Rassurés par vos propos
Nous y courons sans plus attendre ;
Bergers, il faut descendre
De dessus nos coteaux
Pour visiter cet Enfant rare ;
Appelons Perrette et Colin,
Et que chacun se prépare
Pour se mettre en chemin. [5]


_______
  1. Petite finesse de l’éditeur. C’est première édition qu’il faut lire.
  2. Les cantiques spirituels du Père Martial de Brives se trouvent insérés entre la page 180 et la page 213 des Cantiques Spirituels de l’Amour Divin du Père Surin. Ils occupent donc trente-deux pages au centre du livre. Pour une raison qui m’échappe, l’imprimeur, au lieu de continuer la pagination régulière du livre de Surin sur les trente-deux pages réservées aux poésies de Martial de Brives, l’interrompt à la page 180, pagine à nouveau (de 1 à 32) puis rétablit à la page 213 la pagination régulière de l’ouvrage de Surin et la poursuit jusqu’à la fin du volume. On ne retrouve point cette bizarrerie de pagination dans l’édition de 1694.
  3. Martial de Brives, poète français, naquit à la fin du 16ième siècle. Il étudia à Paris et suivit un cours de droit à Toulouse où son père était président au parlement. Il y connut le gardien des Capucins et renonça à sa carrière pour entrer dans cet ordre. Il se livra d’abord à la prédication qu’il abandonna pour cause de mauvaise santé. Puis il rentra dans son couvent où la poésie religieuse absorba tous ses loisirs.

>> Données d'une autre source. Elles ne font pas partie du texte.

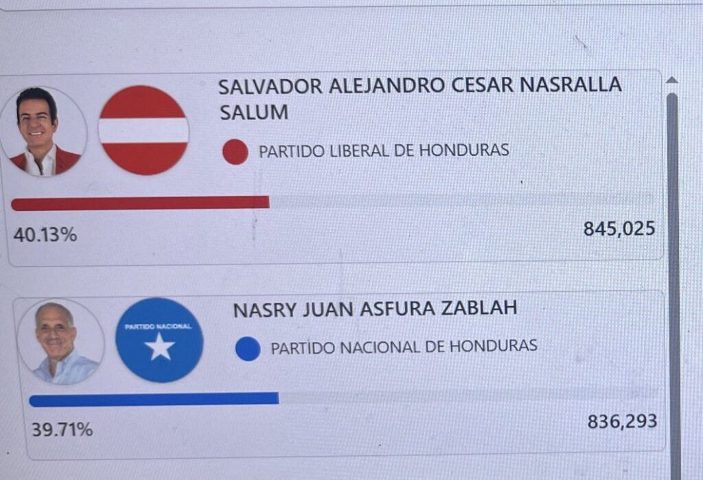 El último corte del CNE indica que Salvador Nasralla cuenta con el 40.13% de los votos, equivalentes a 845 mil 025 sufragios; mientras que “Tito” Asfura registra el 39.71%, equivalente a 836 mil 293 votos. En el tercer puesto continúa la izquierdista Rixi Moncada, con el 19.18%.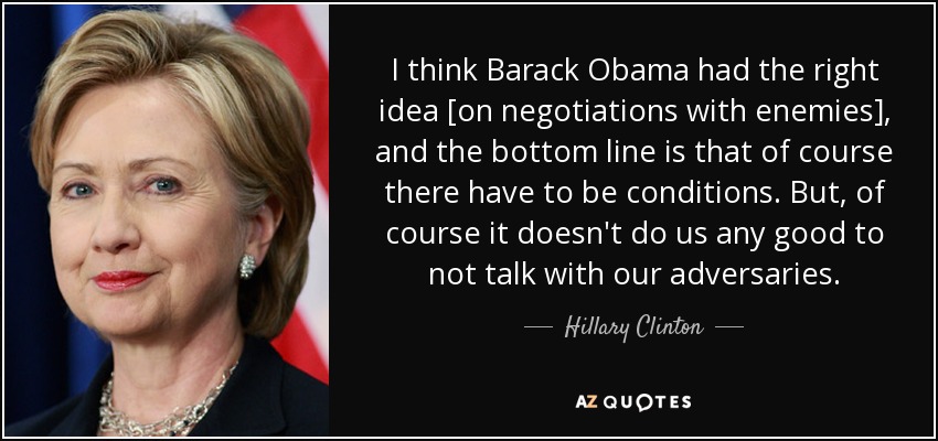 I think Barack Obama had the right idea [on negotiations with enemies], and the bottom line is that of course there have to be conditions. But, of course it doesn't do us any good to not talk with our adversaries.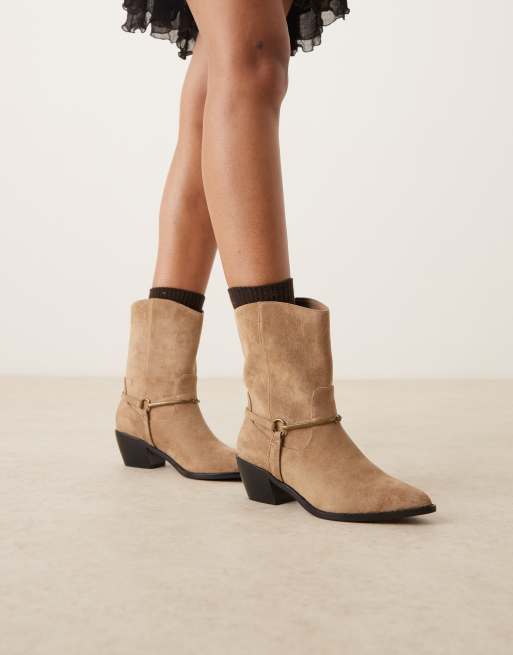 Glamorous - Bottines style western à petit talon - Taupe micro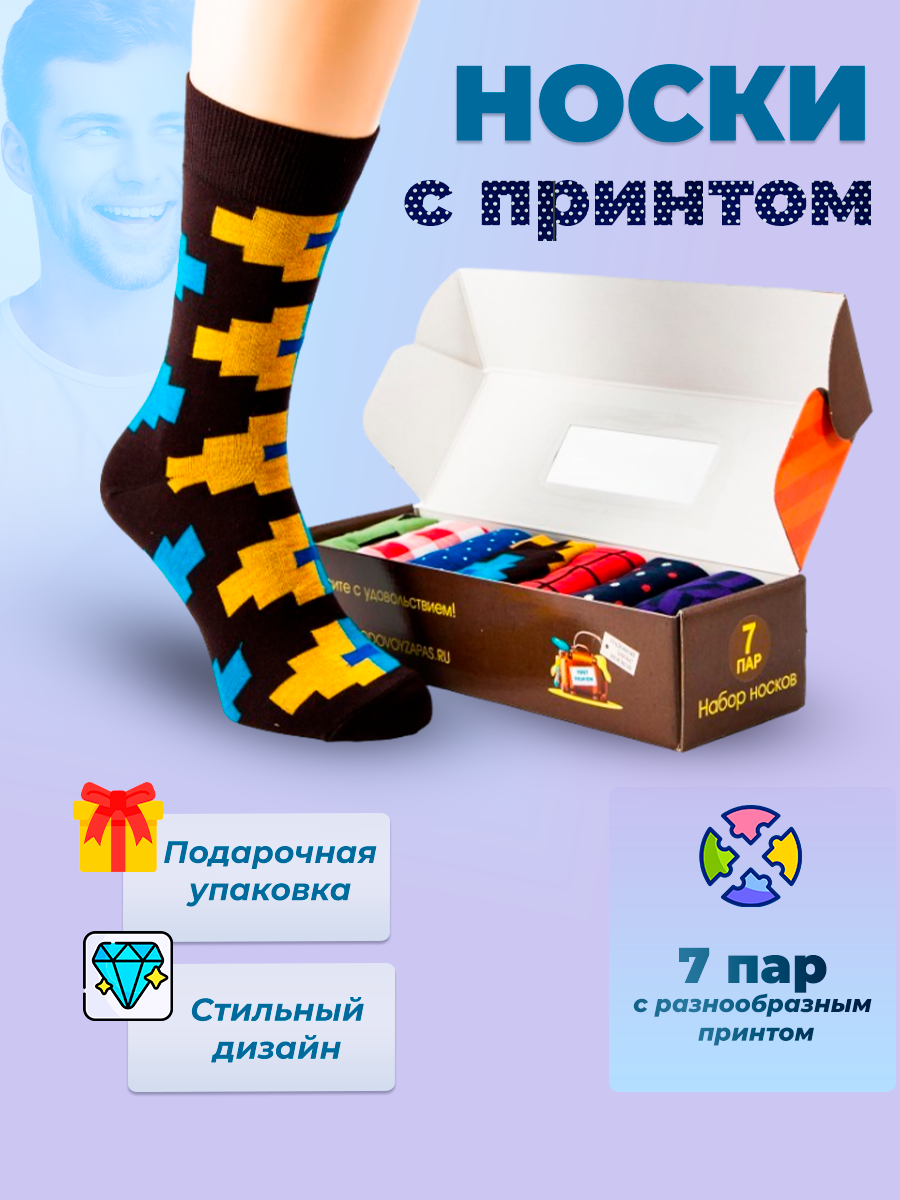 носки дизайнерские, набор из 7 пар godovoyzapas, ассорти №1, размер 41-43 1 490 ₽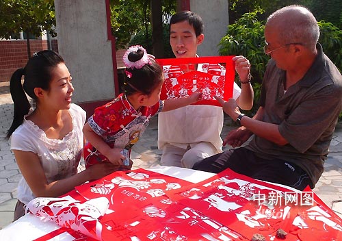 圖:山西侯馬民間藝人創作抗震救災剪紙作品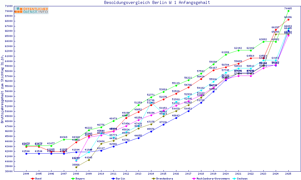 | Besoldungsvergleich W 1 im Jahr 2025 | Anfangsgehalt | ||||||

  4. Jean-Joseph Surin, écrivain ascétique, naquit à Bordeaux en l’an 1600. Il était fils d’un conseiller au parlement de Bordeaux qui n’accéda qu’après de longues instances à son désir d’entrer chez les Jésuites. Il était d’une ardente piété et sa connaissance profonde du cœur humain le rendit fort remarquable pour la conduite des âmes. Aussi ses supérieurs lui confièrent la direction du couvent des Ursulines de Loudun, dont la possession faisait grand bruit et sur lesquelles le supplice récent d’Urbain Grandier attirait plus que jamais l’attention publique. Mais il advint que le bon Père Surin, qui était venu à Loudun pour exorciser, tomba lui-même en possession. Si bien que l’on fut obligé d’appeler à son secours d’autres exorcistes qui ne pouvaient le délivrer à son tour des démons qui le hantaient qu’en lui appliquant le Saint Sacrement sur la bouche. « Je suis en perpétuelle conversation avec les diables, écrivait-il à un confrère de Reims, le R. P. d’Attichi ; depuis trois mois et demi, je ne suis jamais sans avoir un diable auprès de moi en exercice. Quand je veux parler, il me paralyse la langue ; à la messe il m’arrête tout court ; à table, il m’empêche de porter les morceaux à la bouche ; à confesse, il me fait oublier tout à coup mes péchés. Je sens le diable aller et venir chez moi, comme dans sa maison ! » — La situation devint si grave pour le Père Surin que les Jésuites lui ordonnèrent de quitter le couvent et de retourner à Bordeaux. Il y retrouva bientôt le calme et put reprendre l’exercice de son ministère. Il mourut à Bordeaux le 21 avril 1665.
    Ses œuvres ascétiques sont assez considérables : Catéchisme Spirituel ; Paris 1661, imprimé aux frais du prince de Conti, avec lequel il entretenait des relations suivies ; — Fondements de la vie spirituelle, tirés de l’Imitation de Jésus-Christ ; Paris 1669 ; — Cantiques Spirituels de l’Amour Divin, Paris, 1664, 1677, 1679, 1694, et 1731 ; — Dialogues spirituels, etc., etc.
    Cf : Firmin Didot et Frères : Nouvelle Biographie Générale, tome 44, pages 674 et 675.
  5. Cantiques Spirituels, pages 422, 423 et 424.
    Je ne crois pas intéresser le lecteur en publiant le second noël (pages 425 et 426) écrit sur un gentil air de cour, dit l’éditeur : Pendant que nous sommes, Nous faut réjouir. La musique, que nous n’avons point, en serait ravissante qu’elle ne pallierait pas l’absolue médiocrité du cantique. L’inspiration en est nulle et la poésie détestable.